** YOUR ASSIGNMENT **
In the entries, find all lines that hold the word "with" and copy them.

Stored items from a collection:

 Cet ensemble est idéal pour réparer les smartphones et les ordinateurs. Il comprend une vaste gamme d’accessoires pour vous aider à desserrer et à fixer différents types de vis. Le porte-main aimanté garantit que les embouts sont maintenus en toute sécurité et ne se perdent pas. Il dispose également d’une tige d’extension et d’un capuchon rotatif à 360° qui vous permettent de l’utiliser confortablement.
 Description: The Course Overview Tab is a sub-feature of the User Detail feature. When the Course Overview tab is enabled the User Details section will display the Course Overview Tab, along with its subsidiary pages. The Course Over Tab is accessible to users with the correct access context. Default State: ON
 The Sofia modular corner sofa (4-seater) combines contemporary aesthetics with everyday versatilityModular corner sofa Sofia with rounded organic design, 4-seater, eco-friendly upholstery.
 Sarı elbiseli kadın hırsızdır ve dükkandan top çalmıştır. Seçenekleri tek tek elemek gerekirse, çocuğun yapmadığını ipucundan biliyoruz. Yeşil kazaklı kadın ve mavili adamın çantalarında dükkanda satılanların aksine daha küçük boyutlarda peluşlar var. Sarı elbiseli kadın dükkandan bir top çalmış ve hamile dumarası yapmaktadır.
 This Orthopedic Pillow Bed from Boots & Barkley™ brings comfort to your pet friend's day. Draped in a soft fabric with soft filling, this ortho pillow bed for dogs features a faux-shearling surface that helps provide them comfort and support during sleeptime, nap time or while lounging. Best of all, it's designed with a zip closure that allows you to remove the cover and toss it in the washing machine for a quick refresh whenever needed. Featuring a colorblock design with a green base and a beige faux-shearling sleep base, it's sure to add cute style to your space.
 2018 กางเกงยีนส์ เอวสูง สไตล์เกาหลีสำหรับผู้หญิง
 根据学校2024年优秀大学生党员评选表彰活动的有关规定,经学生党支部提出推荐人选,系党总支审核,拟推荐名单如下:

** ANSWER SECTION **
 Description: The Course Overview Tab is a sub-feature of the User Detail feature. When the Course Overview tab is enabled the User Details section will display the Course Overview Tab, along with its subsidiary pages. The Course Over Tab is accessible to users with the correct access context. Default State: ON
 The Sofia modular corner sofa (4-seater) combines contemporary aesthetics with everyday versatilityModular corner sofa Sofia with rounded organic design, 4-seater, eco-friendly upholstery.
 This Orthopedic Pillow Bed from Boots & Barkley™ brings comfort to your pet friend's day. Draped in a soft fabric with soft filling, this ortho pillow bed for dogs features a faux-shearling surface that helps provide them comfort and support during sleeptime, nap time or while lounging. Best of all, it's designed with a zip closure that allows you to remove the cover and toss it in the washing machine for a quick refresh whenever needed. Featuring a colorblock design with a green base and a beige faux-shearling sleep base, it's sure to add cute style to your space.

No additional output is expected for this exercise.